> PROBLEM STATEMENT: Your answer should consist of every line from the records that holds the string "einem".

> PROVIDED DATA:
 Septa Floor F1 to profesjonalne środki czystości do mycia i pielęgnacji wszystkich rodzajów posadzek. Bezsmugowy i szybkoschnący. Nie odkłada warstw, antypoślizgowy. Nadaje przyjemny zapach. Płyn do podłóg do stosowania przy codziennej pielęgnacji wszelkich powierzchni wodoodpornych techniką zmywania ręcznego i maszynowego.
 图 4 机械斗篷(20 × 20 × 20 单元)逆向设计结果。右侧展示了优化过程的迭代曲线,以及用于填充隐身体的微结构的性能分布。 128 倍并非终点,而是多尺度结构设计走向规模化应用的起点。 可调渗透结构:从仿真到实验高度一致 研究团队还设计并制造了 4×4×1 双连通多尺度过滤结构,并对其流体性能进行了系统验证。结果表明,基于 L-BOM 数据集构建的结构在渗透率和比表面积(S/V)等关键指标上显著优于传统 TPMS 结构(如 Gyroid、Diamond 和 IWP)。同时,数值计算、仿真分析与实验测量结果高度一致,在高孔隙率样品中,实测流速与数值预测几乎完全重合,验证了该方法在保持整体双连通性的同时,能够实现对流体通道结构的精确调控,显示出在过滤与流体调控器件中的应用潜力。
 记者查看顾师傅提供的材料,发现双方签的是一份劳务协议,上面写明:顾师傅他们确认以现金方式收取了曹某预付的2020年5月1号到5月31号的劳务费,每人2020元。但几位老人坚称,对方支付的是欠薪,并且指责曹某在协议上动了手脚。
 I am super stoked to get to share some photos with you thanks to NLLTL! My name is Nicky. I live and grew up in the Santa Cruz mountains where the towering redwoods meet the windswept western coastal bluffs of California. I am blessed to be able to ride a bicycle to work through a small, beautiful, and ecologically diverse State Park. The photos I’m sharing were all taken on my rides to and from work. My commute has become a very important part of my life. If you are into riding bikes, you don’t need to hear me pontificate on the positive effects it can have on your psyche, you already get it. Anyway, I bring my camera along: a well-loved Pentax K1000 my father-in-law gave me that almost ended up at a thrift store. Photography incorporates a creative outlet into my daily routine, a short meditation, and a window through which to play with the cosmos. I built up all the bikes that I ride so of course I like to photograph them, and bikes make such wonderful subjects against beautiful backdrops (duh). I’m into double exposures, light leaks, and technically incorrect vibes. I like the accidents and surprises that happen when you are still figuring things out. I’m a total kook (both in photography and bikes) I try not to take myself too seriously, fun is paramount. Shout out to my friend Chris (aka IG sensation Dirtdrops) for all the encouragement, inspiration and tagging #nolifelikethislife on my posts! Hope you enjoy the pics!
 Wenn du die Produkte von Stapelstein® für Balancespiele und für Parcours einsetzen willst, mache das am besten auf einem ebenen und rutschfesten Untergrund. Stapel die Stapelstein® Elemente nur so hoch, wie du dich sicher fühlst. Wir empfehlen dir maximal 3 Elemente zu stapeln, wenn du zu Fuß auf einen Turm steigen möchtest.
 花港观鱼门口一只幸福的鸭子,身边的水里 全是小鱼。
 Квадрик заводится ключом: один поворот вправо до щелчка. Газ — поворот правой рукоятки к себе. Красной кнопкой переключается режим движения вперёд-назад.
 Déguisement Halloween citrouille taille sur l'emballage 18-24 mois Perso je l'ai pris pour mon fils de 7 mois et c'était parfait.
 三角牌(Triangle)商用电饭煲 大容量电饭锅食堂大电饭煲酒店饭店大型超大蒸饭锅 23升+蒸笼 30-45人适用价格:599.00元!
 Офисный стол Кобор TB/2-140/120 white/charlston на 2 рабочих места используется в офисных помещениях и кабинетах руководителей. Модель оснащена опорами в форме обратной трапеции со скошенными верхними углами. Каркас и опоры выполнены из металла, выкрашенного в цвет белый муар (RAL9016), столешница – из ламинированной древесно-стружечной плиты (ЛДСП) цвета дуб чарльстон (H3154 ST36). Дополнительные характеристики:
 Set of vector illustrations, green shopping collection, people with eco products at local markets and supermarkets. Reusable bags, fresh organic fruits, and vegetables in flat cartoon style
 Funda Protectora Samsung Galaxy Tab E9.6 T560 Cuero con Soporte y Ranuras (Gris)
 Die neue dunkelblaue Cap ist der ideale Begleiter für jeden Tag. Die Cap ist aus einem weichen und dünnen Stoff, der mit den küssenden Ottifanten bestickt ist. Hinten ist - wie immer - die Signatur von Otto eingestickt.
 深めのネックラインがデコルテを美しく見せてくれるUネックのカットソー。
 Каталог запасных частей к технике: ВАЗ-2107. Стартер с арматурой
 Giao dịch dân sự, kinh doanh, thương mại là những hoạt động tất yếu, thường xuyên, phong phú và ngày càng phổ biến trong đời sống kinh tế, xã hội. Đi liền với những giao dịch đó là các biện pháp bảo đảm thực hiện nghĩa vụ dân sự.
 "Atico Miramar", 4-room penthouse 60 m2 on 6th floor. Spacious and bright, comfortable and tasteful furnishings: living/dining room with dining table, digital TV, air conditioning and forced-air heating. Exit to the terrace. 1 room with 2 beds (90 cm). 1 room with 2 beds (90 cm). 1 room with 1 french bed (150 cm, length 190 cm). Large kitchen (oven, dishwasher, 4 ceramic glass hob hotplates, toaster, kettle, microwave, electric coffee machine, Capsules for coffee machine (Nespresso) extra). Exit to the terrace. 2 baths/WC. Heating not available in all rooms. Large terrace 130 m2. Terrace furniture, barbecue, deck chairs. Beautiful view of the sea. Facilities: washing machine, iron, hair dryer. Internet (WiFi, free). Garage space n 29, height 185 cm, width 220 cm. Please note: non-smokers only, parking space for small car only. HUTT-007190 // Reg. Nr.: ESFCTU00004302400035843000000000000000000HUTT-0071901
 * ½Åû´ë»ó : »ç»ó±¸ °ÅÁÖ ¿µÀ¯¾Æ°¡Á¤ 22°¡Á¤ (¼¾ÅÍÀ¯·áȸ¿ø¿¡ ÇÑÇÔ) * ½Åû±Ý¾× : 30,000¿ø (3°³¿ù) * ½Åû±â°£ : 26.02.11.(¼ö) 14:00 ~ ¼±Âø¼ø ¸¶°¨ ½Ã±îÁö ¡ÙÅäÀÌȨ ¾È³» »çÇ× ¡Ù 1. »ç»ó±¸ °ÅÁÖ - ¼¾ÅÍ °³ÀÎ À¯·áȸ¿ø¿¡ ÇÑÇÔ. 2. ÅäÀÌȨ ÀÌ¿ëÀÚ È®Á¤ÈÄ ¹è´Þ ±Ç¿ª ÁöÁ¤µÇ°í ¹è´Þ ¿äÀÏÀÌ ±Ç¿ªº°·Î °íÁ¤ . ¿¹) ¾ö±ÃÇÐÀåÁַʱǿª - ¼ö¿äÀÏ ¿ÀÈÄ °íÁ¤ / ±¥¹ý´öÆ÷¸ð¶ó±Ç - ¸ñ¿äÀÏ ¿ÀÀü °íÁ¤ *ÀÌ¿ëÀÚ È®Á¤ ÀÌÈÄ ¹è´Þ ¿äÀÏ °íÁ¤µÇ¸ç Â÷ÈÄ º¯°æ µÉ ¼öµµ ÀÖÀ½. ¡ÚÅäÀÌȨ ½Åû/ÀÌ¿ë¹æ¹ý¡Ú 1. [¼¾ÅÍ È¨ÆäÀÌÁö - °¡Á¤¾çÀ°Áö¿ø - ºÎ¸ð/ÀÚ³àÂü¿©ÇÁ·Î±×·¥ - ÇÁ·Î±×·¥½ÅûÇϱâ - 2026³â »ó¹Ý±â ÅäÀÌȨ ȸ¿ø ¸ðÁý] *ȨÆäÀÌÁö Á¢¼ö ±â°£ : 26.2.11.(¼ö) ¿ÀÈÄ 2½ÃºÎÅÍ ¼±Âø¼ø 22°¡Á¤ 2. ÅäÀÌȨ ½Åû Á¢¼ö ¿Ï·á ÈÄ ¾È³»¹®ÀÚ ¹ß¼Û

> THE ANSWER:
 Wenn du die Produkte von Stapelstein® für Balancespiele und für Parcours einsetzen willst, mache das am besten auf einem ebenen und rutschfesten Untergrund. Stapel die Stapelstein® Elemente nur so hoch, wie du dich sicher fühlst. Wir empfehlen dir maximal 3 Elemente zu stapeln, wenn du zu Fuß auf einen Turm steigen möchtest.
 Die neue dunkelblaue Cap ist der ideale Begleiter für jeden Tag. Die Cap ist aus einem weichen und dünnen Stoff, der mit den küssenden Ottifanten bestickt ist. Hinten ist - wie immer - die Signatur von Otto eingestickt.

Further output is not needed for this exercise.